Вид материалаУчебники
Подобный материал:
1   ...   28   29   30   31   32   33   34   35   36

Заканчивая анализ проблемы масштаба, я хотел бы еще раз подчеркнуть,

какое огромное значение в художественном воздействии архитектуры имеет ее

изобразительный характер, как неуловимо в архитектуре сливаются реальность и

видимость.

Именно на этом смешении действительности с изображением основана

своеобразная романтика масштаба в архитектуре. Эпохам готики и маньеризма по

преимуществу свойственна подобная игра масштабов, когда мотивы

монументальной архитектуры переносят в меньшие масштабы прикладного

искусства. Так, например, готические ящички, сосуды или реликвиары часто

имеют вид миниатюрных построек. Яркий пример дает так называемая рака

Зебальда в Нюрнберге, где монументальные мотивы арок, сводов и фиалов

повторяются в маленьком масштабе. Точно так же шкафы и буфеты эпохи

маньеризма последовательно воспроизводят в миниатюре все конструктивные и

декоративные элементы дворцовых фасадов. Но архитекторы готического стиля

охотно прибегают к романтике масштаба еще и в другом смысле -- повторяя один

и тот же мотив в различном масштабе на одном и том же здании (например,

бесчисленные башенки Миланского собора). Башни, таким образом, теряют свое

практическое назначение, перестают быть реальностью и превращаются в

некоторую мнимость, в изображение. Перед готическим собором зрителя часто

охватывает то же ощущение, какое испытываешь в горах, где нет привычного

масштаба для ориентации в пространстве, -- зритель перестает верить своему

чутью расстояний и величин и как бы переносится в мир сказочных,

иррациональных отношений и образов.

Эта своеобразная романтика масштаба, присущая готике, вытекает из самой

природы архитектуры, из свойственного ей сочетания реальности и изображения.

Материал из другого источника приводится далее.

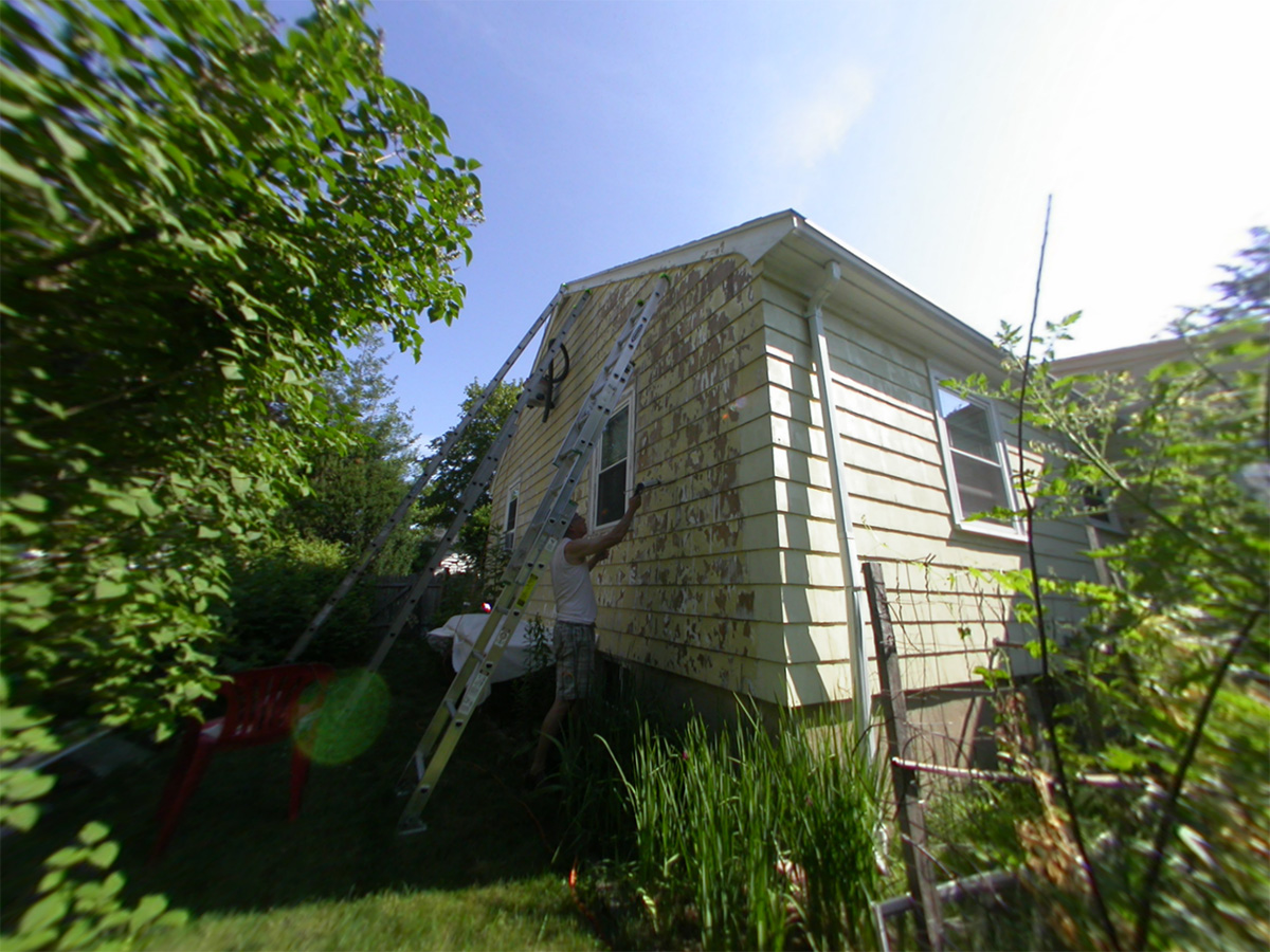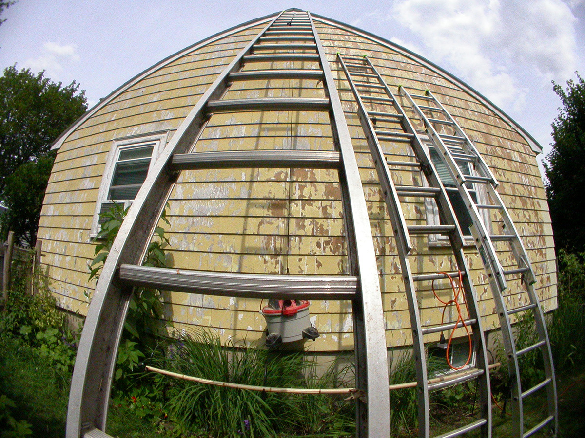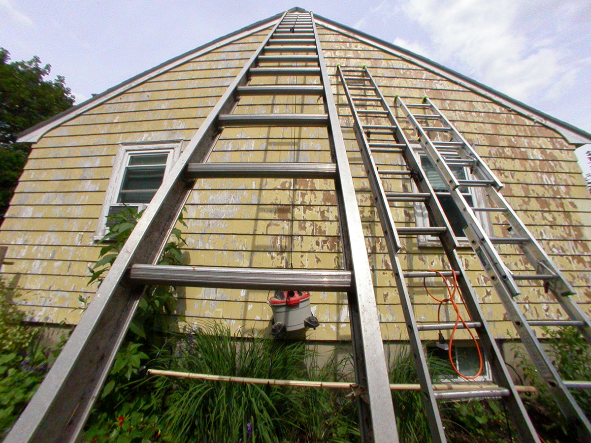 my father was already outside caulking between the shingles when i arrived at 9:00. i was ready to sand but spent that first hour scraping off loose paint. early my father had already set up a tarp underneath, held in place using push pins, staples, some small metal shepherd's pole, and a long bamboo stalk. only after he left for work around 10:00 did i finally begin to sand.

Напротив, живописи и скульптуре, которые свободны от практических, реальных

функций жизни, которые исчерпываются в изображении, такое смешение

масштабов, в общем, чуждо. Поэтому сопоставление фигур различных масштабов в

картине или рельефе встречается главным образом в такие эпохи, когда

архитектура целиком подчиняет живопись и скульптуру своим принципам и

использует их только как украшение (египетское, византийское искусство). В

средневековой мозаике, например, фигуры, изображенные рядом, могут иметь

совершенно различные масштабы; это оказывается возможным потому, что фигуры

здесь объединены не столько логикой действия, сколько требованиями

орнаментального ритма.

Однако наряду с этим сказочным превращением большого в малое история

архитектуры знает и противоположные приемы игры с масштабом. Так, например,

волюта есть чисто орнаментальный мотив, изображенный в маленьком масштабе и

в античном искусстве применявшийся главным образом для украшения ионийской

капители. В эпоху же Ренессанса и барокко волюта начинает все более

увеличиваться в масштабе, постепенно превращаясь из орнаментального мотива в

архитектурный. Первая попытка применения волюты в крупном масштабе

принадлежит флорентийскому архитектору Леону Баттиста Альберти (фасад церкви

Сайта Мария Новелла, законченный в 1470 году). Правда, здесь волюта имеет

еще характер плоского орнаментального узора и свободна от каких-либо

конструктивных функций. Архитекторы маньеризма и барокко идут еще дальше,

придавая волюте совершенно самостоятельную массивную форму и колоссальный

масштаб (церковь Сайта Мария Салюте в Венеции). Эта тенденция превратить

малое в большое, стремление из мелкого декоративного мотива создать элемент

монументальной композиции вообще очень характерны для стиля барокко. В

отличие от сказочной, фантастической игры масштабов в готическом соборе

тенденцию-барокко хочется назвать натуралистической и рационалистической --

зритель остается на земле, не теряет связи с реальностью, но живет на

широкую ногу, его существование, переживания приобретают широту и пышность.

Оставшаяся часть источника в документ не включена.